Instructions for the task
In the data below, find the line with "Acrylic table card" and the line with "Charming vintage handkerchief", then restate both and every line between them exactly, minus the pictures.

Entries supplied
◇ ◇ ◇ ◇ ◇

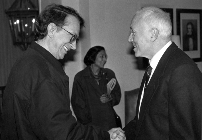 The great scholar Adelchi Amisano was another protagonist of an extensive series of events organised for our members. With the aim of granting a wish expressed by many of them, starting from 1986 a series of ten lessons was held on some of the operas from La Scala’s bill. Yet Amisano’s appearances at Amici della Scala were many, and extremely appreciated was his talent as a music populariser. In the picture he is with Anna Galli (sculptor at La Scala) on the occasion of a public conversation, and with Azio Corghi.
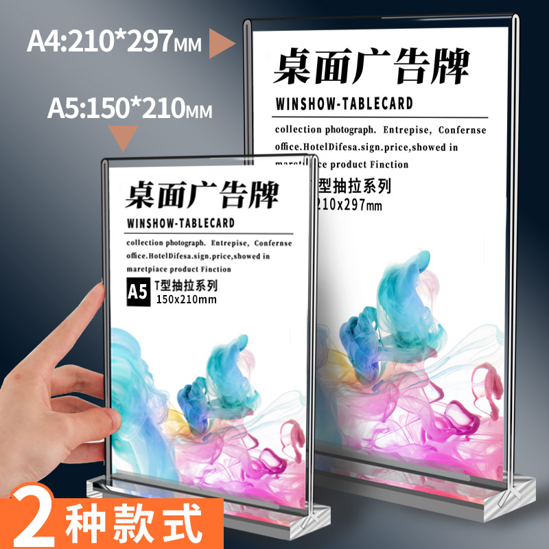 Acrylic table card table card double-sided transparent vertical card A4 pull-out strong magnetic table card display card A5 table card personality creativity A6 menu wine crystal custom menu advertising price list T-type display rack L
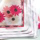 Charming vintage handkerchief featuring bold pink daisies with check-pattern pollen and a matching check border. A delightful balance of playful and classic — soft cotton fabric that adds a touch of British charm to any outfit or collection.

◇ ◇ ◇ ◇ ◇

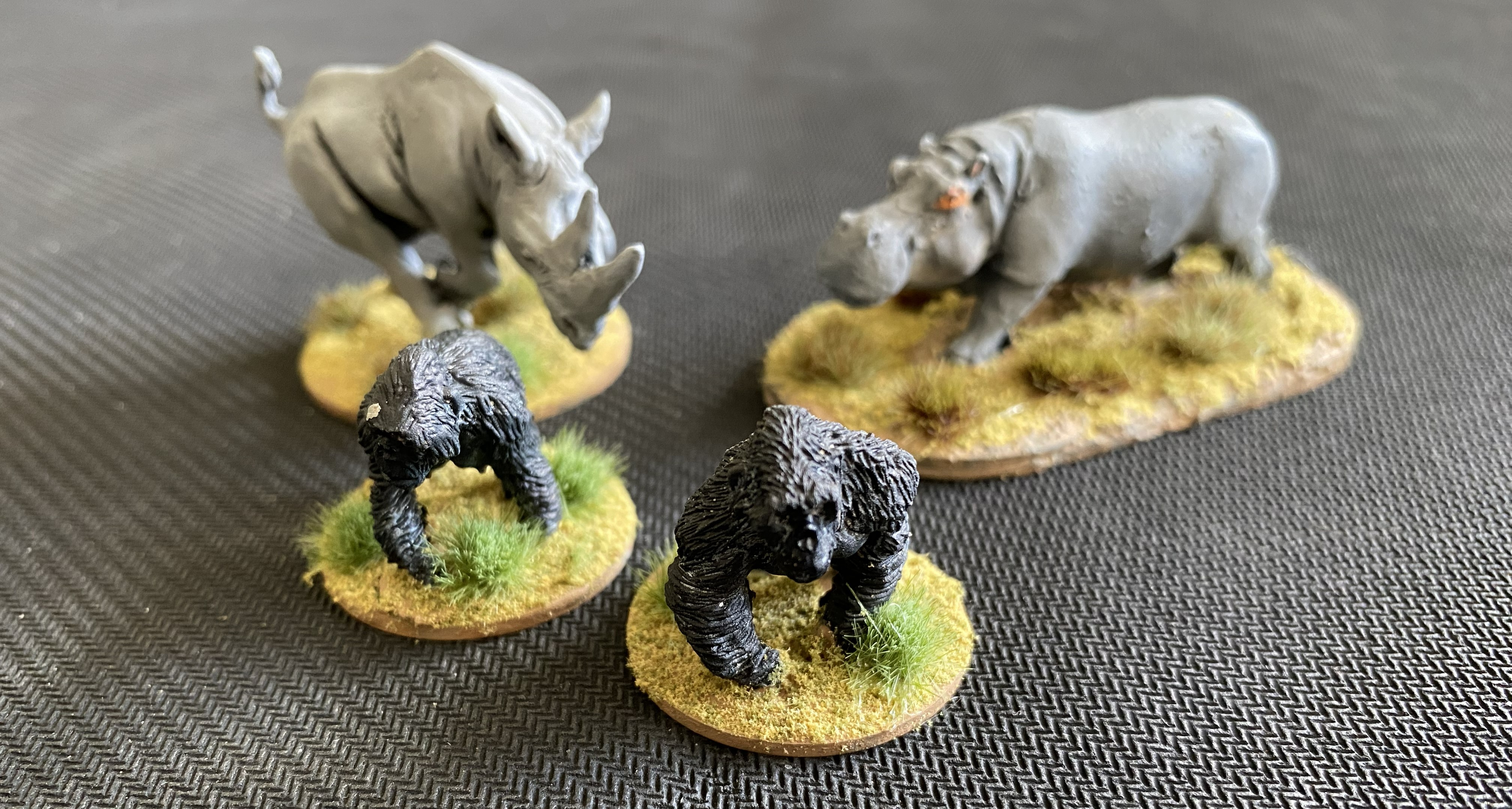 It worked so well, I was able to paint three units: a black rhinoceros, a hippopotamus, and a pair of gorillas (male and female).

◇ ◇ ◇ ◇ ◇

Solved problem
 Acrylic table card table card double-sided transparent vertical card A4 pull-out strong magnetic table card display card A5 table card personality creativity A6 menu wine crystal custom menu advertising price list T-type display rack L
 Charming vintage handkerchief featuring bold pink daisies with check-pattern pollen and a matching check border. A delightful balance of playful and classic — soft cotton fabric that adds a touch of British charm to any outfit or collection.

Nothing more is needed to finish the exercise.